■ To do ■
Copy each line of the records exactly, stopping only after the line that contains "FAUX BAMBOO WRITING" has been written, and leave pictures out.

■ Source material ■
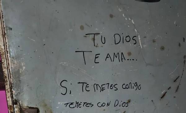 “Tu Dios te ama... si te metes conmigo te metes con Dios”, escribió con un fibrón negro Tony Janzen Valverde Victoriano (20) en la casa su de pareja, en Isidro Casanova, y que fue allanada el viernes 26, cuando se logró su identificación.
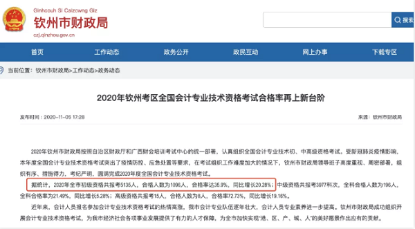剛剛,廣西欽州市財政局2020年度全國會計專業(yè)技術(shù)資格考試的通過率情況。
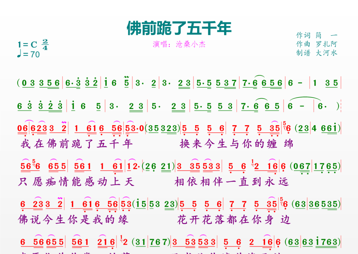 《佛前跪了五千年》是沧桑小杰演唱的一首歌曲,拍号为4/4拍,歌曲速度为每分钟70拍,这份简谱共有一张高清图谱,图谱由 @临海雪原 编配上传。
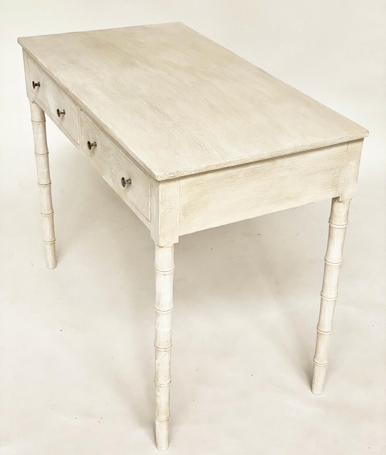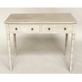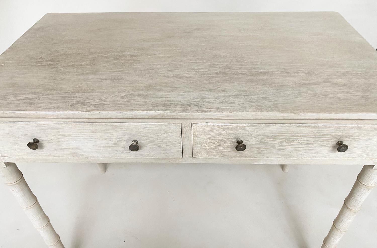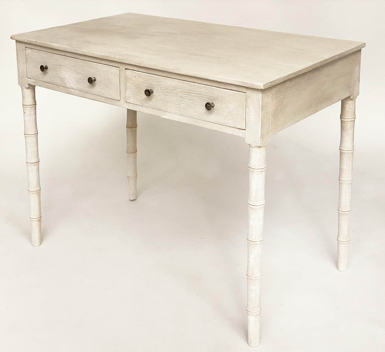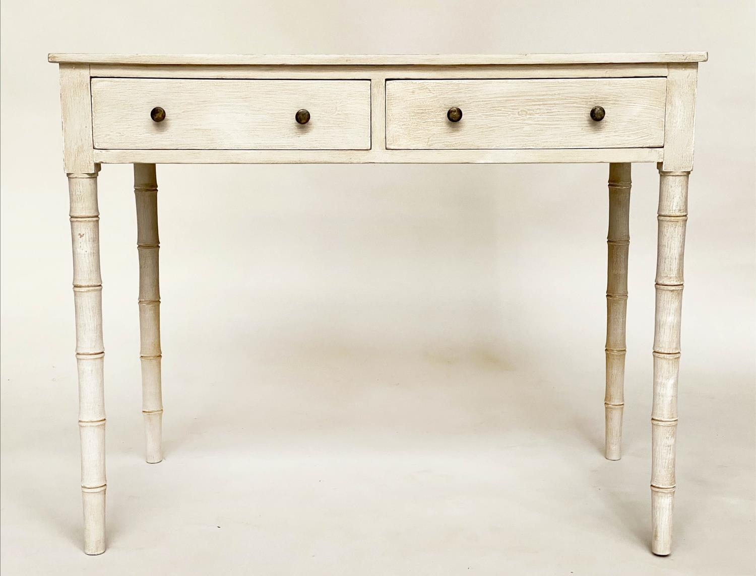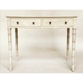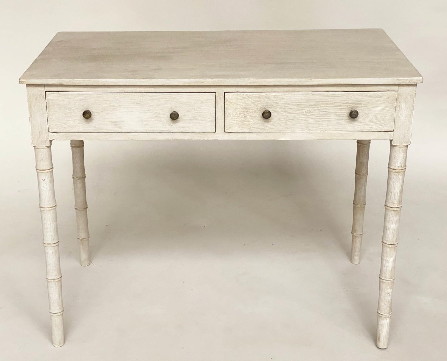 FAUX BAMBOO WRITING TABLE, early 19th century grey painted with two frieze drawers and faux bamboo carved tapering supports, 95cm W x 51cm D x 78cm H.
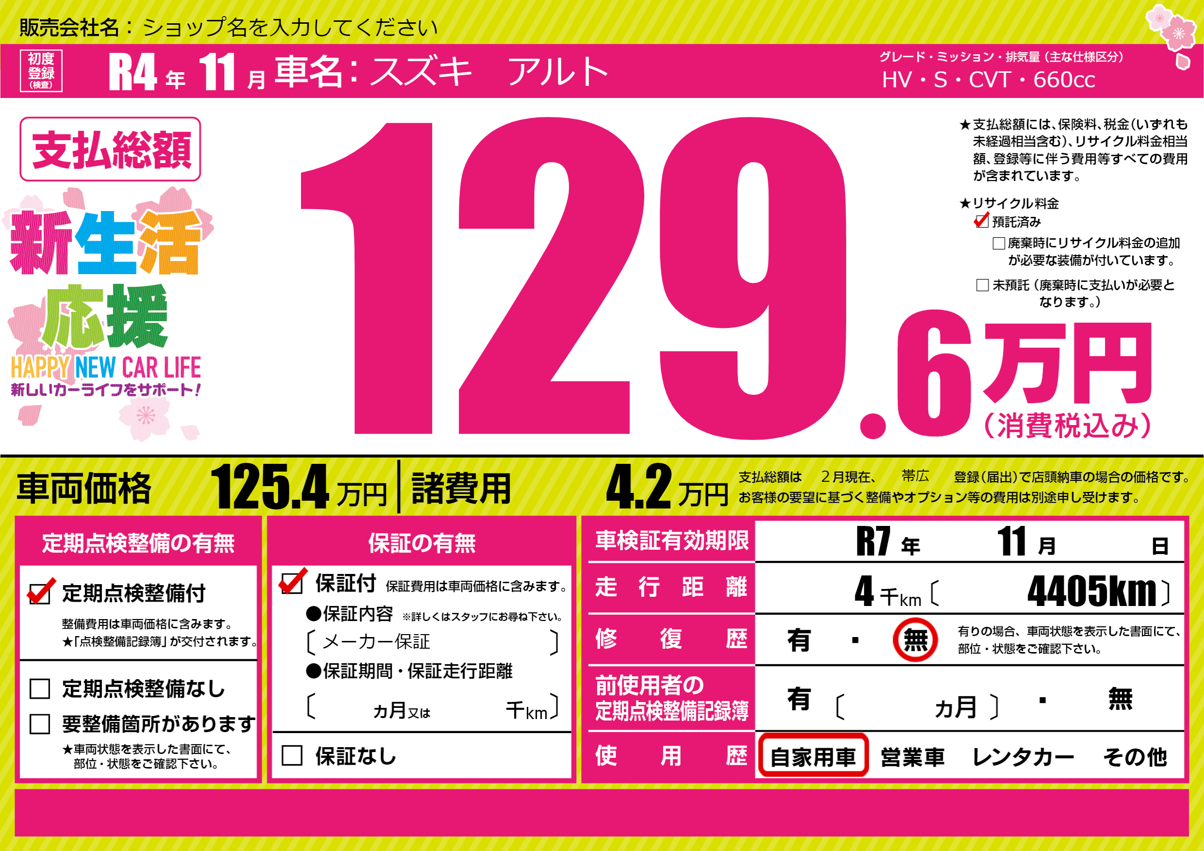 | 車検制限 | R7年 11月 - 日 | ||
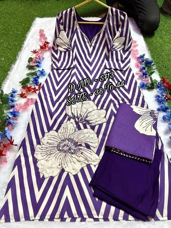 PRODUCT DESCRIPTION "Product Details Beautiful Heavy Muslin Silk Fabric, Long Kurti ( Length - 44”) With Full Lining (inner - Back & Front) + Heavy Hand Adda Beads & Sequins Work On Yoke & Flower Prints + Heavy Silk Fabric Pant + Heavy Muslin Fabric Dupatta With Digital Print Work 👗 ⭐ D.NO. - 5713 😍 4 Colours Available 🥰 ⭐Size: M/38, L/40, XL/42, XXL/44 🤩 Price /- FreeShip (38 To 44 Size) 🤩 ⭐ Same Day Dispatch ✈✈✈ ⭐Size: M/38, L/40, XL/42, XXL/44, 3xl/46, 4xl/48, 5xl/50, 6xl/52, 7xl/54 🤩 Price : - FreeShip (38 To 44 Size) 🤩 🤩 Price : /- FreeShip (46 To 54 Size) 🤩 ⭐ Same Day Dispatch ✈✈✈ Enticingly elegant Kurta Pant set will certainly be a perfect paradigm for a classic look. This set is best reflection to your sophistication. A perfect match to twin on any day. Specially designed with Rayon fabric and most subtle colours to scale the decency within yourself. It will be undoubtedly the best choice you will have in your wardrobe poured with comfort, class, elegance and style. Manufacturing, Packaging and Import Info large size dresses, plus size long kurti, plus size women wear , kurti set,6xl kurti women ,women oversize dress, plus size wear, 5xl kurti set, 4xl kurti set, Indian kurti plus size, women wedding wear plus size, casual kurti set plus size, daily wear kurti set oversized, 3xl kurti set for women ,women 7xl kurti set, women plus size clothing, big size dress, indian kurti set, 7xl kurti dupatta set, women dress big size, us plus size dress, PAYMENT METHODS We accept Payoneer and the rest other modes of payment are also accepted. It is easy and safe for you to pay by credit cards, debit cards, bank transfers, and Payoneer account balances. Payment should be made within 2 days after the winning of the item. SHIPPING POLICY US shipping - Free Shipping International-Free Shipping Each item is individually packed securely with quality products to help ensure safe and undamaged delivery. We ship within 1 business day after payment is received. Delivery is generally within 10-15 days worldwide after shipping. In rare cases, it makes take up to 2-3 weeks for delivery depending upon the destinations and customs regulations in your country. All packages have a duly filled customs declaration form to avoid any delay in customs. RETURN POLICY Your satisfaction is of the utmost concern to us. Should you need to return an item, you can do so within 30 days of receipt of the item for a full refund. Return shipping charges are not reimbursable. All items must be in their original condition, not worn or altered. Please contact us if you would like to initiate a return, so that we may guide you through the process. We can be reached through the "Ask a Question" link on the listings. FEEDBACK We strive for 100% Customer Satisfaction and we always leave positive feedback to our buyers. Please help us maintain our business and give us a 5-Star rating. If you still think that you still can?t leave a 5-Star across the Board, please email us or call us and we assure you that your issue will be resolved immediately. We believe in solving the issues. Positive feedback represents our service, product quality, and dedication to customer satisfaction. Our future business depends on your satisfaction or positive feedback with a "5-star rating". Thank you !!

■ Your response ■
 “Tu Dios te ama... si te metes conmigo te metes con Dios”, escribió con un fibrón negro Tony Janzen Valverde Victoriano (20) en la casa su de pareja, en Isidro Casanova, y que fue allanada el viernes 26, cuando se logró su identificación.
剛剛,廣西欽州市財政局2020年度全國會計專業(yè)技術(shù)資格考試的通過率情況。
 《佛前跪了五千年》是沧桑小杰演唱的一首歌曲,拍号为4/4拍,歌曲速度为每分钟70拍,这份简谱共有一张高清图谱,图谱由 @临海雪原 编配上传。
 FAUX BAMBOO WRITING TABLE, early 19th century grey painted with two frieze drawers and faux bamboo carved tapering supports, 95cm W x 51cm D x 78cm H.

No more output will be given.